INSTRUCTIONS FOR THE TASK: Nothing but the lines from the start of the entries below through the line containing "Asian Teenager boy" should appear in the answer, copied exactly and free of pictures.

INPUT:
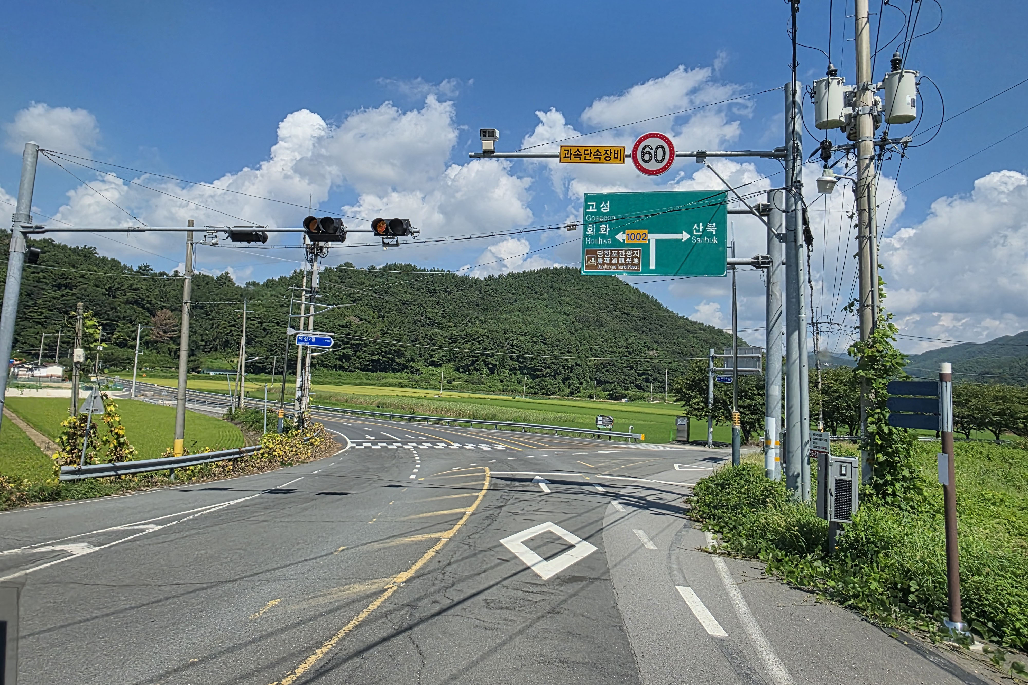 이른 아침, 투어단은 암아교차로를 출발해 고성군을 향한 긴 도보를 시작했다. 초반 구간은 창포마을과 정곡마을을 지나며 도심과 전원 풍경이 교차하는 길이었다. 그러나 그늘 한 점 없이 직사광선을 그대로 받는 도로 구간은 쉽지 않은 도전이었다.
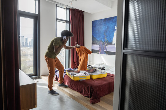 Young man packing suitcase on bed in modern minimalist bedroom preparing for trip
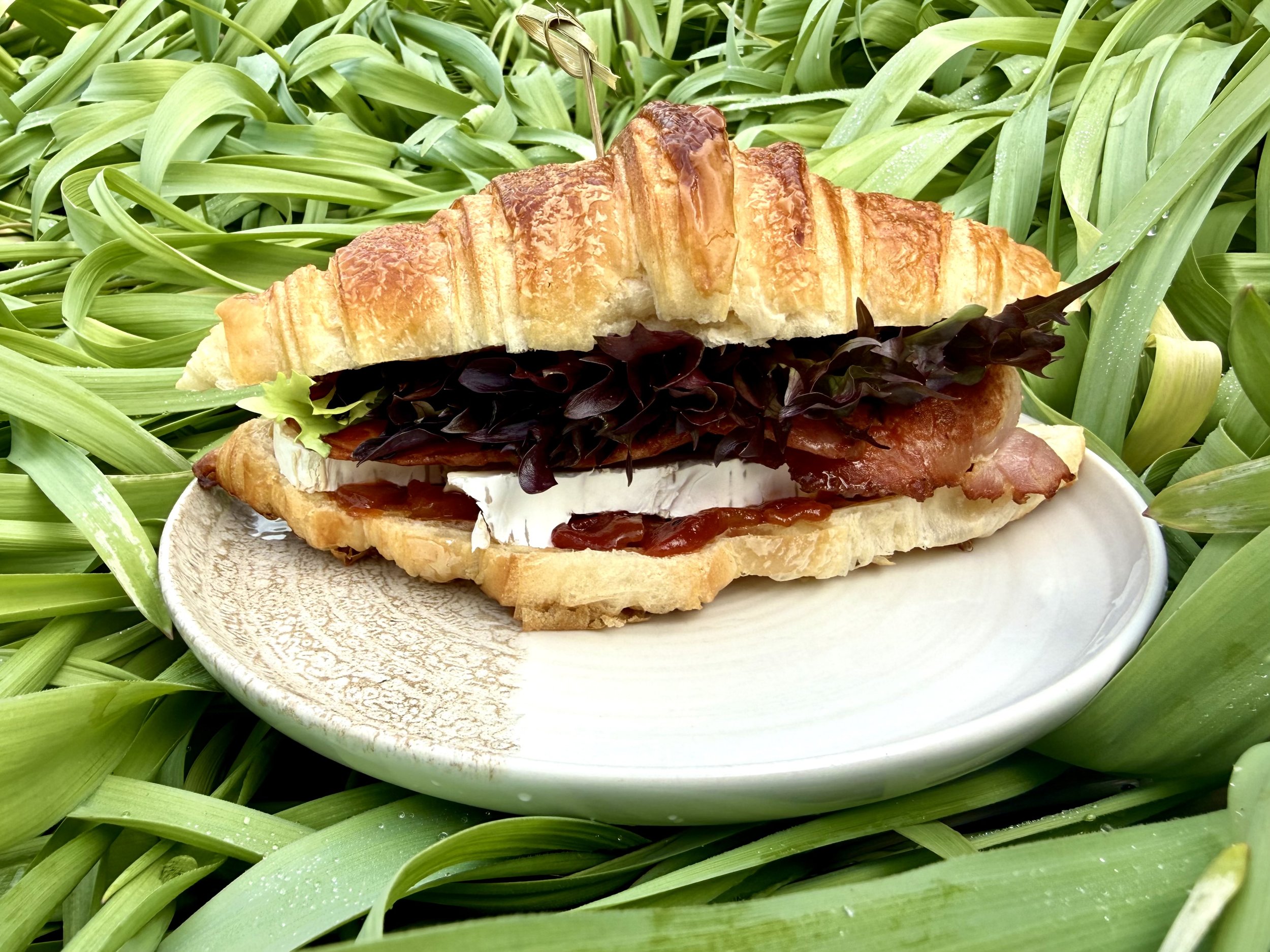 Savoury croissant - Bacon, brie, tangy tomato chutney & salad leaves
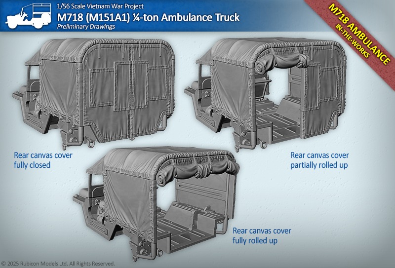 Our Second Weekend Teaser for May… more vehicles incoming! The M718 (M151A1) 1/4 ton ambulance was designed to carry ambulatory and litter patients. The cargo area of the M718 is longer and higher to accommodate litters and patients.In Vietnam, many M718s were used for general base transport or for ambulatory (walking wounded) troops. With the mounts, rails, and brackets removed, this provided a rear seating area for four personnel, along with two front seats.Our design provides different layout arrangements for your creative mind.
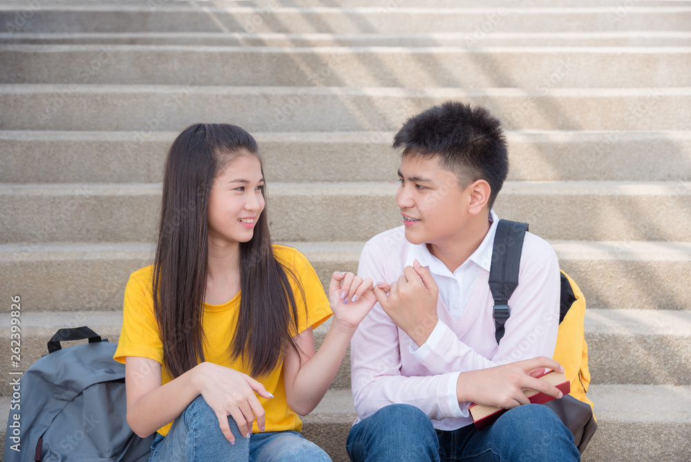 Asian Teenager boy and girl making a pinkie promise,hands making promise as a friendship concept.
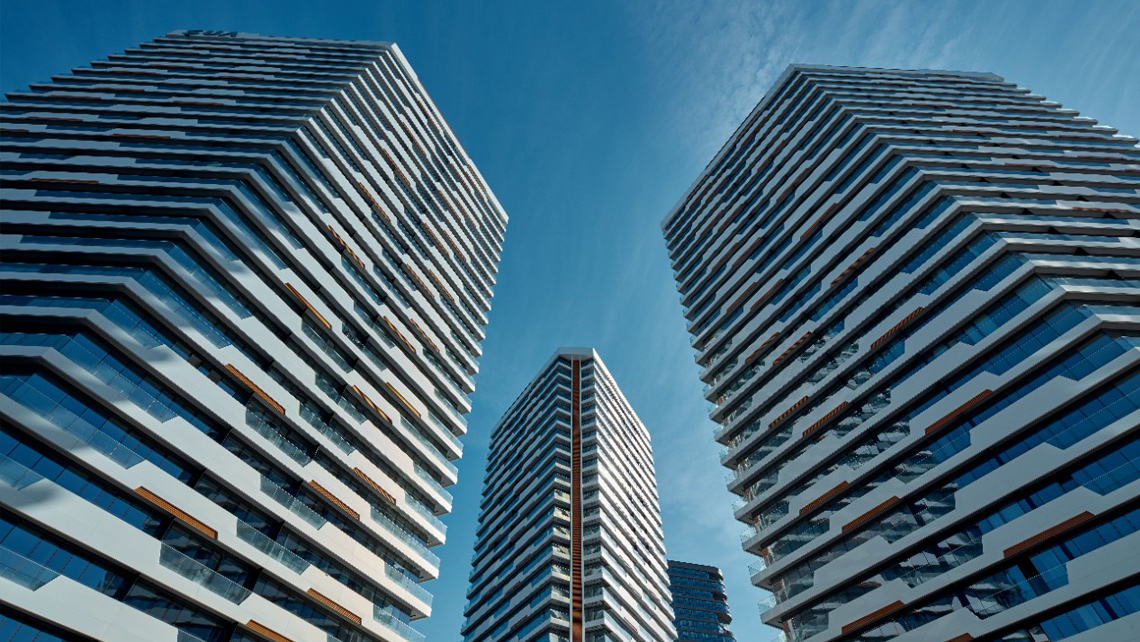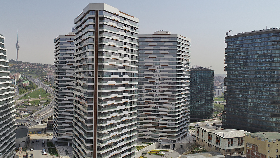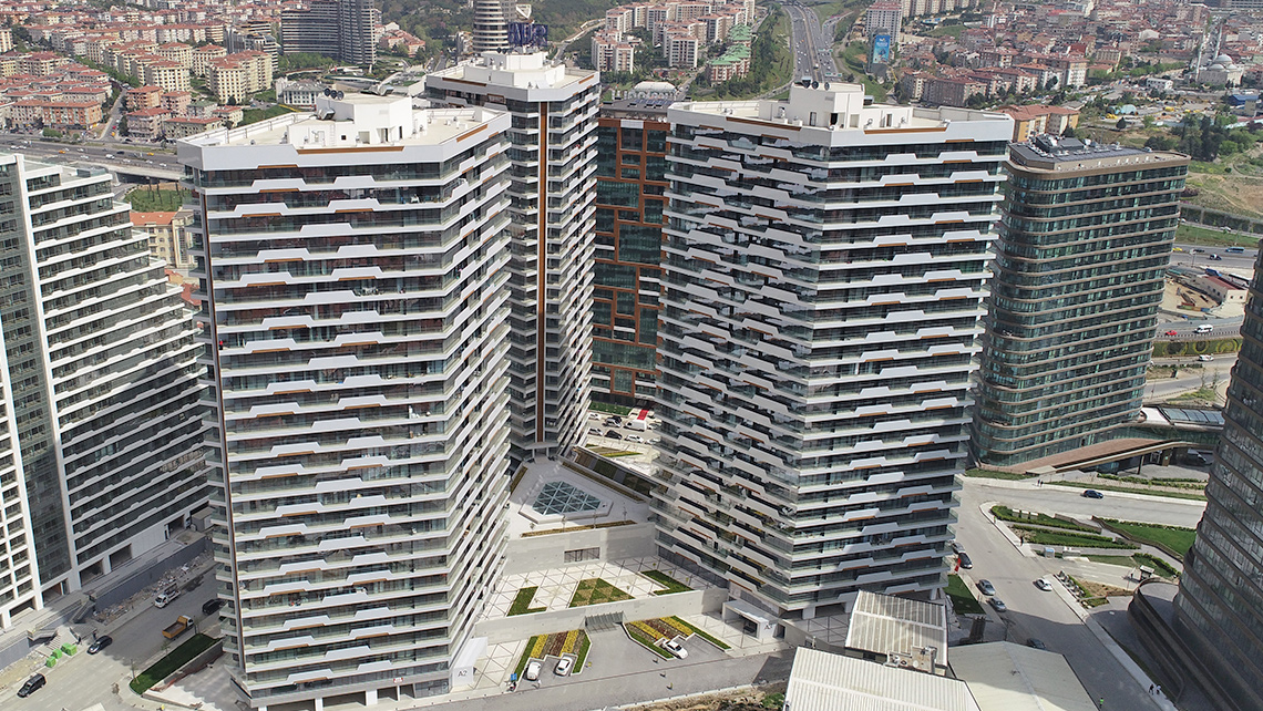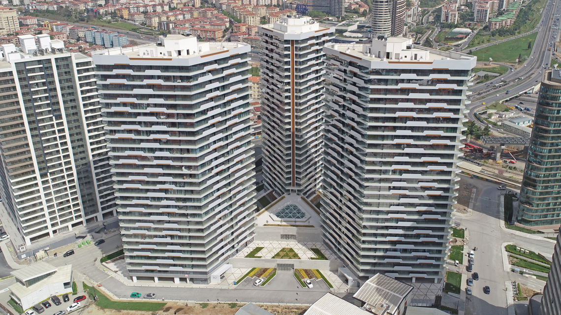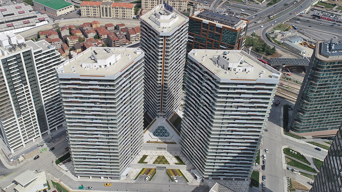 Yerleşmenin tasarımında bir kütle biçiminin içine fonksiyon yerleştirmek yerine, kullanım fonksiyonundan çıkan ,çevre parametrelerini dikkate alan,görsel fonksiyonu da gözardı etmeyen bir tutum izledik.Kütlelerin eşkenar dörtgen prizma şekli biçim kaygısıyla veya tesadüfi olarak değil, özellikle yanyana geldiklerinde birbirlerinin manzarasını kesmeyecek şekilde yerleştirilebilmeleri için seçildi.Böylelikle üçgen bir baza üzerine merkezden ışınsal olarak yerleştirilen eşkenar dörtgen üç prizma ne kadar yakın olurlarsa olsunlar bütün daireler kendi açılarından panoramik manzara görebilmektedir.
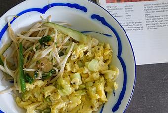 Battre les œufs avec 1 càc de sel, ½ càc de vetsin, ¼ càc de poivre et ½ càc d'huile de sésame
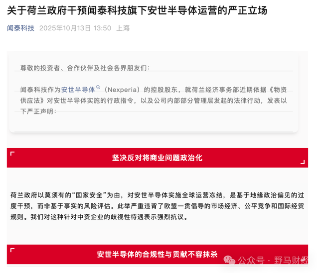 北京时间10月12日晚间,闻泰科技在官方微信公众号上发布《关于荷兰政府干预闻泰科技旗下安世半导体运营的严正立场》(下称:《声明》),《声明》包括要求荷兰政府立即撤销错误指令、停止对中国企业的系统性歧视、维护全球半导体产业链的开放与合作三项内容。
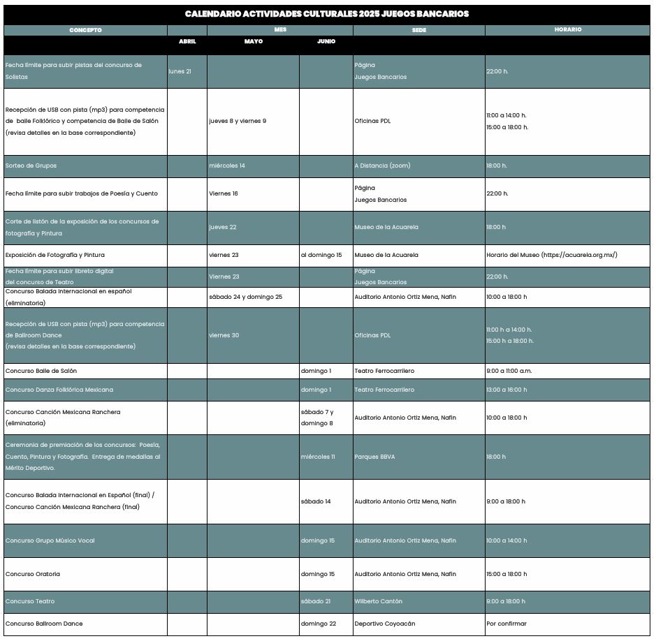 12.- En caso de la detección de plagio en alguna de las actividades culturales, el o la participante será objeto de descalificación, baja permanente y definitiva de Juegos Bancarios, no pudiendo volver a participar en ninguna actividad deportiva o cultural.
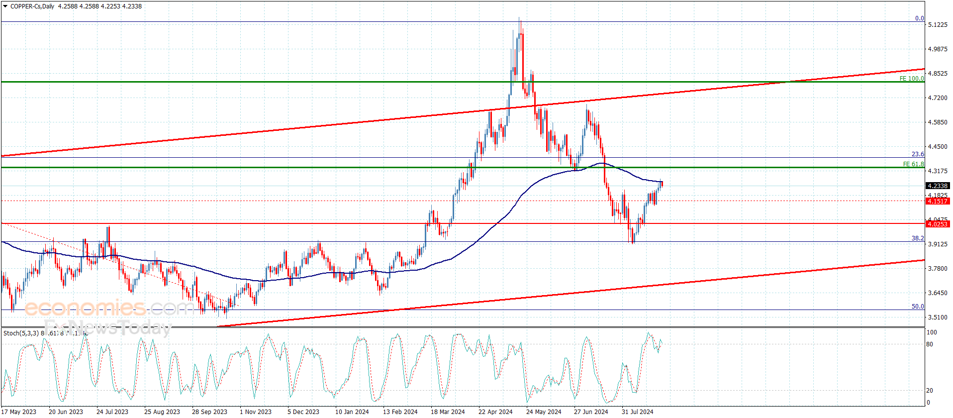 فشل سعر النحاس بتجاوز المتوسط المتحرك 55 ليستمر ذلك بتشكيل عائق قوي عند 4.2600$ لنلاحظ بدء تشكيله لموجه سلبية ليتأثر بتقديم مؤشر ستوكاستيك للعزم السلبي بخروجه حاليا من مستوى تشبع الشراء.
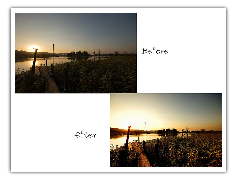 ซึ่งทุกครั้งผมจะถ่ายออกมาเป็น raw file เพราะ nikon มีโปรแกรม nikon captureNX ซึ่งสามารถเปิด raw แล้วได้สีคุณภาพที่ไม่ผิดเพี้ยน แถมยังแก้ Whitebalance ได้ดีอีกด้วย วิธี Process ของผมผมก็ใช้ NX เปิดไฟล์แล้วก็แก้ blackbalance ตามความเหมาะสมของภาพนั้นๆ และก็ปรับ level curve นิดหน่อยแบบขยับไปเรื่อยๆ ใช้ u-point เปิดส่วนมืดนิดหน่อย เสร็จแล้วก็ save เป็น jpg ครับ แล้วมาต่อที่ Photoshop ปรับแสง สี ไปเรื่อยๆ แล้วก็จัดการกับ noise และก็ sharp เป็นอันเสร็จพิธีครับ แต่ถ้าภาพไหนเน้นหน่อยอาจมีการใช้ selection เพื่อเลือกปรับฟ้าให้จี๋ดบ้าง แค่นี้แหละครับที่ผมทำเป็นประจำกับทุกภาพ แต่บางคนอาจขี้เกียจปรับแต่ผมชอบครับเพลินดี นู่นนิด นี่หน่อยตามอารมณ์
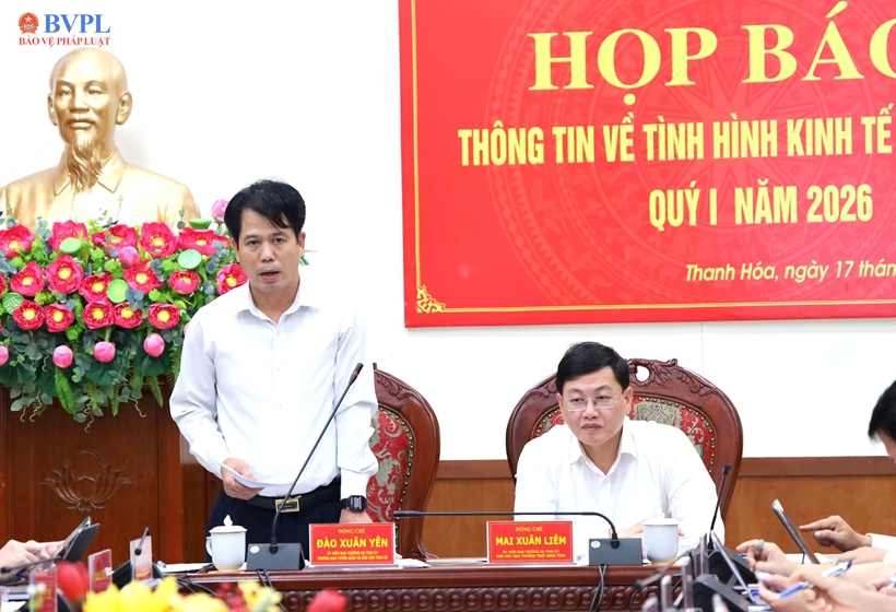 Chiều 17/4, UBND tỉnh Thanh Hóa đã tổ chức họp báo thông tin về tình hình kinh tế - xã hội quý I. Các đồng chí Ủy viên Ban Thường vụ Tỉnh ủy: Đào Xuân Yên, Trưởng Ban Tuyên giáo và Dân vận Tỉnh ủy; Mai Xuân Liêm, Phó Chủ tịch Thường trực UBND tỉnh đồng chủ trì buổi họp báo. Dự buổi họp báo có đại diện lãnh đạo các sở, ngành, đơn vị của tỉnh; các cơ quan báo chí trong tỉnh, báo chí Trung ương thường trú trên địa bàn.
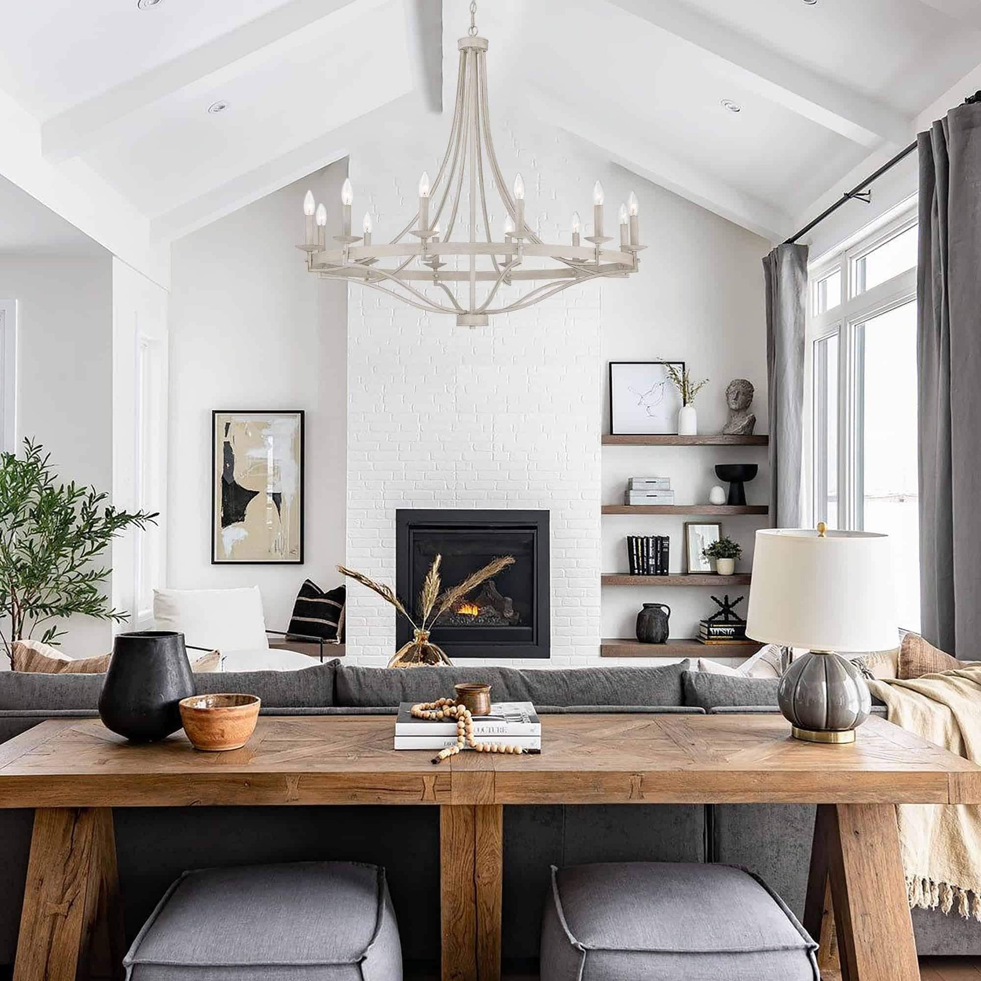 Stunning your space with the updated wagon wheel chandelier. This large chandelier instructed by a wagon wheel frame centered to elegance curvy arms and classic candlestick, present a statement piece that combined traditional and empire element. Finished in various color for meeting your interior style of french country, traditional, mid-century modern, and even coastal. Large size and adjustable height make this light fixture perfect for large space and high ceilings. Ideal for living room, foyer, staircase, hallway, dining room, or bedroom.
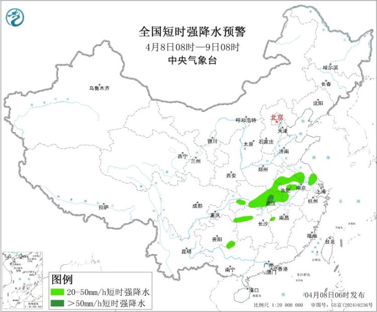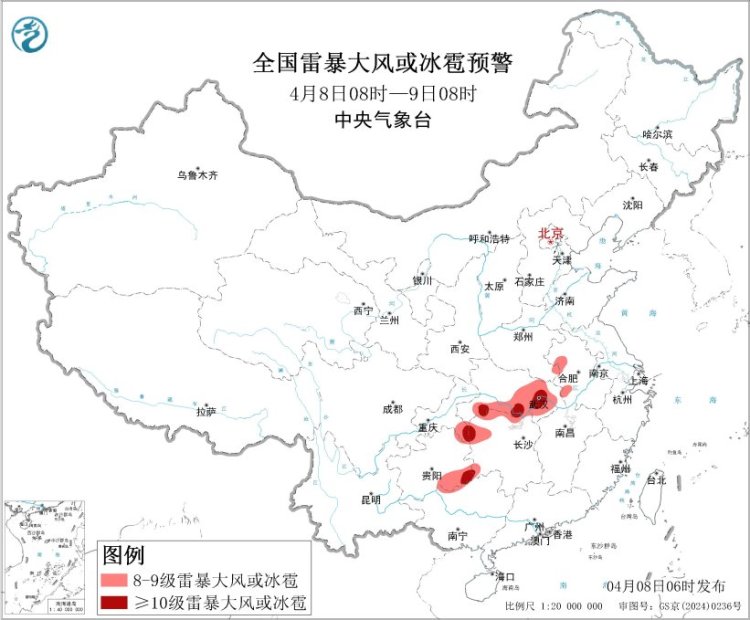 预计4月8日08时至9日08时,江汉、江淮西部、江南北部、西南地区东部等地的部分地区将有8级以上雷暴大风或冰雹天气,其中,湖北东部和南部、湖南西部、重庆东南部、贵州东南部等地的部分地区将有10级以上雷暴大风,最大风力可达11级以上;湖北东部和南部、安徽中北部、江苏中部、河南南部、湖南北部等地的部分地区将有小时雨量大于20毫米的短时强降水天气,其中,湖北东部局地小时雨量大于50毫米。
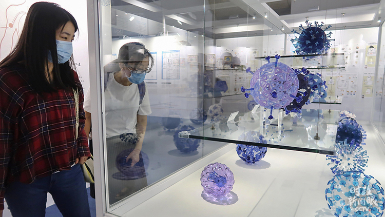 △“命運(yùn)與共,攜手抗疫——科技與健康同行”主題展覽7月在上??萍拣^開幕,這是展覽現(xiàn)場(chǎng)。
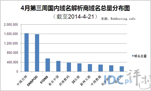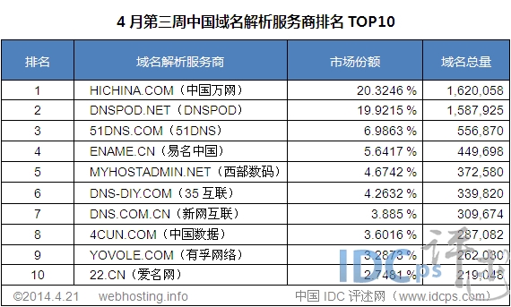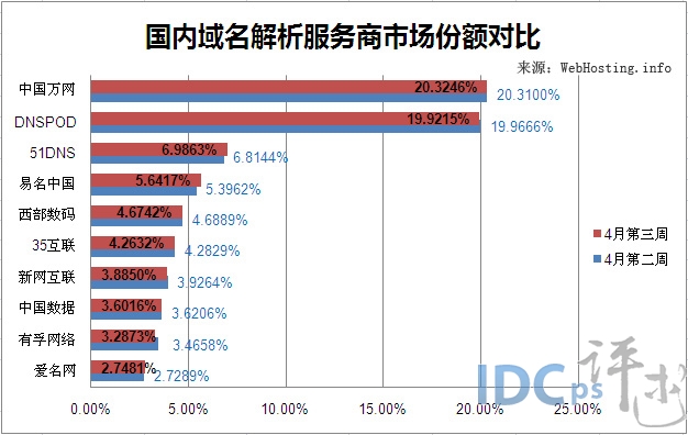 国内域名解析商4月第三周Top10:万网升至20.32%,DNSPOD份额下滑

ANSWER TO THIS PROBLEM:
 이른 아침, 투어단은 암아교차로를 출발해 고성군을 향한 긴 도보를 시작했다. 초반 구간은 창포마을과 정곡마을을 지나며 도심과 전원 풍경이 교차하는 길이었다. 그러나 그늘 한 점 없이 직사광선을 그대로 받는 도로 구간은 쉽지 않은 도전이었다.
 Young man packing suitcase on bed in modern minimalist bedroom preparing for trip
 Savoury croissant - Bacon, brie, tangy tomato chutney & salad leaves
 Our Second Weekend Teaser for May… more vehicles incoming! The M718 (M151A1) 1/4 ton ambulance was designed to carry ambulatory and litter patients. The cargo area of the M718 is longer and higher to accommodate litters and patients.In Vietnam, many M718s were used for general base transport or for ambulatory (walking wounded) troops. With the mounts, rails, and brackets removed, this provided a rear seating area for four personnel, along with two front seats.Our design provides different layout arrangements for your creative mind.
 Asian Teenager boy and girl making a pinkie promise,hands making promise as a friendship concept.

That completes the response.